These industries have a lot of data, but often the data is:
- Not public domain.Example: Oil Exploration or Oil and Gas Environmental Impact Report
- Annotating requires a highly knowledgeable human being.Example: sensor data from gas turbines, pumps, compressors
- They are held in various forms in complex data stores and are not always cleansed.Example: aircraft maintenance log or manual
These very real challenges make it impossible to apply the same AI techniques that have revolutionized internet searching, bill reading, language translation, and conversation retention to professional domains as-is.
Industrial AI practitioners find that traditional supervised machine learning approaches and large-scale models from academia and research often fail in their fields of expertise, making big data operationalization very difficult for commercial enterprises. I’m starting to realize that As Chirag Dekate, Senior Director Analyst at Gartner, said in his 2019 article, “While launching a pilot is deceptively easy, deploying to production is notoriously difficult.”

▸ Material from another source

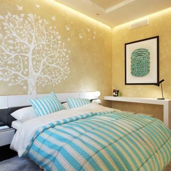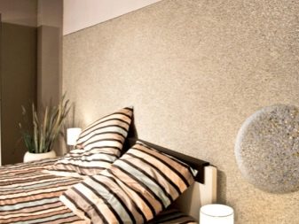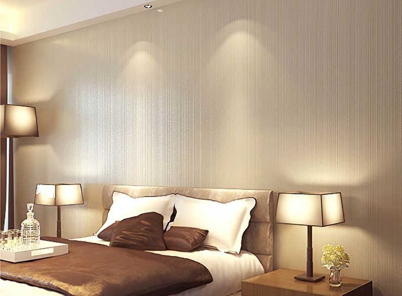 - O papel de parede líquido. Também pode ser usado no quarto. Encontrar um tom bege não é difícil. Eles são instáveis à umidade, mas este momento não é crítico para o quarto.

Rather than relying on data scientists and software developers, the key to industry adoption is empowering subject matter experts (SMEs) who understand processes and data well. However, enabling small businesses such as aircraft engineers, power plant operators, financial analysts, and customs brokers to intuitively and rapidly define, build, and deploy their own purpose-built AI requires data discovery, tools, automation, and and new approaches to validation are required. of data science.

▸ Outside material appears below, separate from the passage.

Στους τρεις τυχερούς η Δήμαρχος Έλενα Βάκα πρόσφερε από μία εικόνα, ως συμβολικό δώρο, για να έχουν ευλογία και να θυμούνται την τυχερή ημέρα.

Proven techniques for operationalizing the most prevalent forms of big data in the enterprise include:
Create early warnings for unplanned asset downtime using normal behavior modeling of digital sensor data
Industrial operations often rely on critical high-value assets such as gas turbines. A single day of unplanned downtime or outage can cost power and utility companies up to $300,000 in lost revenue. The disruption to consumers could be even more severe. Due to their critical nature, these systems are typically overbuilt with redundancy and have comprehensive preventive maintenance programs. Ironically, this makes traditional supervised machine learning difficult. This is because failures are rare during the life of the system.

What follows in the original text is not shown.